**Supplied data:**

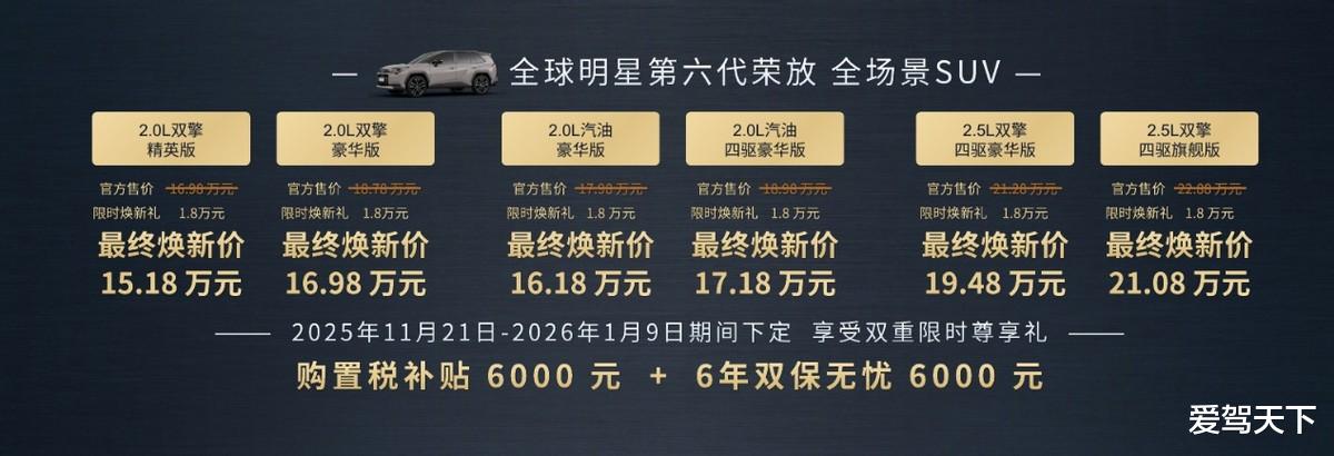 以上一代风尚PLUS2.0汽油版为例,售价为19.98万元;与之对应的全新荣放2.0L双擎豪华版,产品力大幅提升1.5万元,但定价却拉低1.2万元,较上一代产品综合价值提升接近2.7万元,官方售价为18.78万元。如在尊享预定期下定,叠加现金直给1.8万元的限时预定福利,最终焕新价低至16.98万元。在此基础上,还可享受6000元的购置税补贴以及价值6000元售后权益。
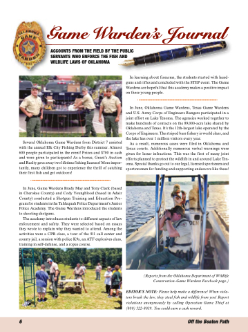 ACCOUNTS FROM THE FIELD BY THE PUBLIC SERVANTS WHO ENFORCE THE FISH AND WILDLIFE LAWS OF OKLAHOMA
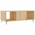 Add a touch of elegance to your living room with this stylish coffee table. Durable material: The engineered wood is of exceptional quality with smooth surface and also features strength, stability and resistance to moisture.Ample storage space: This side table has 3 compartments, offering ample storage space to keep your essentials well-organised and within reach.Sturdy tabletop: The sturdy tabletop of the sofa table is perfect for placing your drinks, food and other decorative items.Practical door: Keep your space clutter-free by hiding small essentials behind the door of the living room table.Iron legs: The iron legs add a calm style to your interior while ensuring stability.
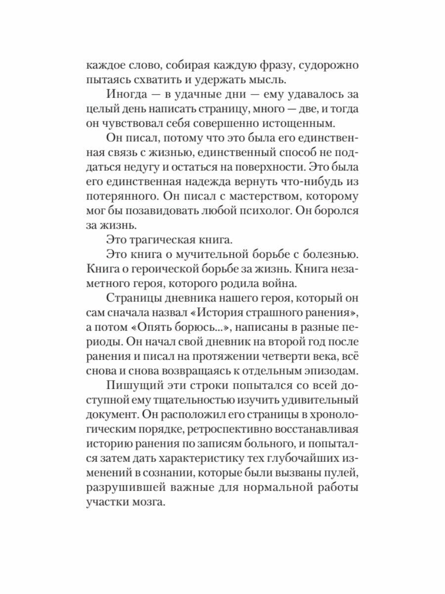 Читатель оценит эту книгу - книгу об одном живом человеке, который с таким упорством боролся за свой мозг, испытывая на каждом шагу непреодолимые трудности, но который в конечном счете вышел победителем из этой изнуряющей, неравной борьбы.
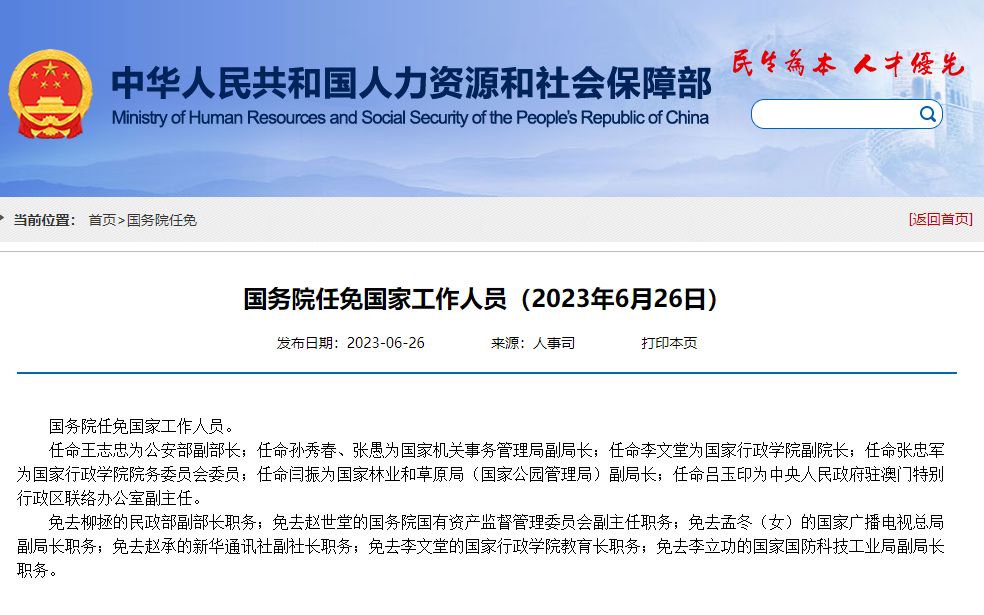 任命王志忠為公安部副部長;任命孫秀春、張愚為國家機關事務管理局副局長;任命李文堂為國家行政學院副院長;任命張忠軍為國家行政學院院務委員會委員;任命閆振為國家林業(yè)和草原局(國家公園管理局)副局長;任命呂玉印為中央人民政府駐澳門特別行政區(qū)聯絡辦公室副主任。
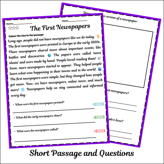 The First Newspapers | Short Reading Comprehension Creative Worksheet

* * *

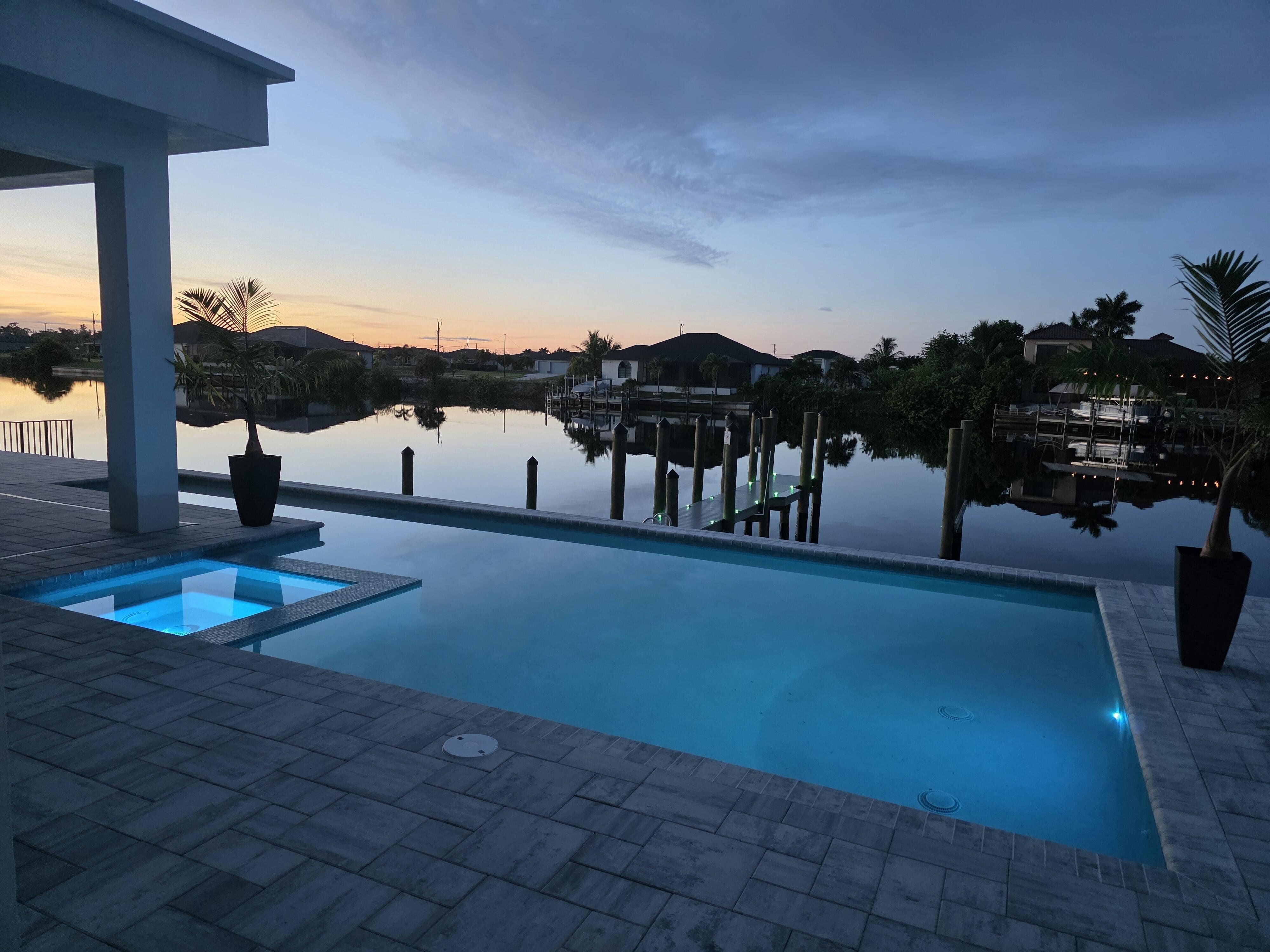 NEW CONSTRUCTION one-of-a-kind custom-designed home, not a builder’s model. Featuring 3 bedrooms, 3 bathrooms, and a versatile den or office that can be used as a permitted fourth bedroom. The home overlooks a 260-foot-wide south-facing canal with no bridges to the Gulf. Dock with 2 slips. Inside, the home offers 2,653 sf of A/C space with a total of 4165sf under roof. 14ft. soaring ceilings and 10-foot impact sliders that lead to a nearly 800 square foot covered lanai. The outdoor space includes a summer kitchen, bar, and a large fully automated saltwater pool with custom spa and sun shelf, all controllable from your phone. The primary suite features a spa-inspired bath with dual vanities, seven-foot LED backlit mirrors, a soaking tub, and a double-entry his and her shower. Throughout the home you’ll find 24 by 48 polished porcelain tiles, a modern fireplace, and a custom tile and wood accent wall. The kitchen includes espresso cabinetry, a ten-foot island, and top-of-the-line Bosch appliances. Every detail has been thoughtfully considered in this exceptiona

**Work to complete:**
Print the line above containing "以上一代风尚PLUS2.0汽", the line containing "ACCOUNTS FROM THE", and everything between them, exactly as written. Pictures stay out.

**Result of the exercise:**
 以上一代风尚PLUS2.0汽油版为例,售价为19.98万元;与之对应的全新荣放2.0L双擎豪华版,产品力大幅提升1.5万元,但定价却拉低1.2万元,较上一代产品综合价值提升接近2.7万元,官方售价为18.78万元。如在尊享预定期下定,叠加现金直给1.8万元的限时预定福利,最终焕新价低至16.98万元。在此基础上,还可享受6000元的购置税补贴以及价值6000元售后权益。
 ACCOUNTS FROM THE FIELD BY THE PUBLIC SERVANTS WHO ENFORCE THE FISH AND WILDLIFE LAWS OF OKLAHOMA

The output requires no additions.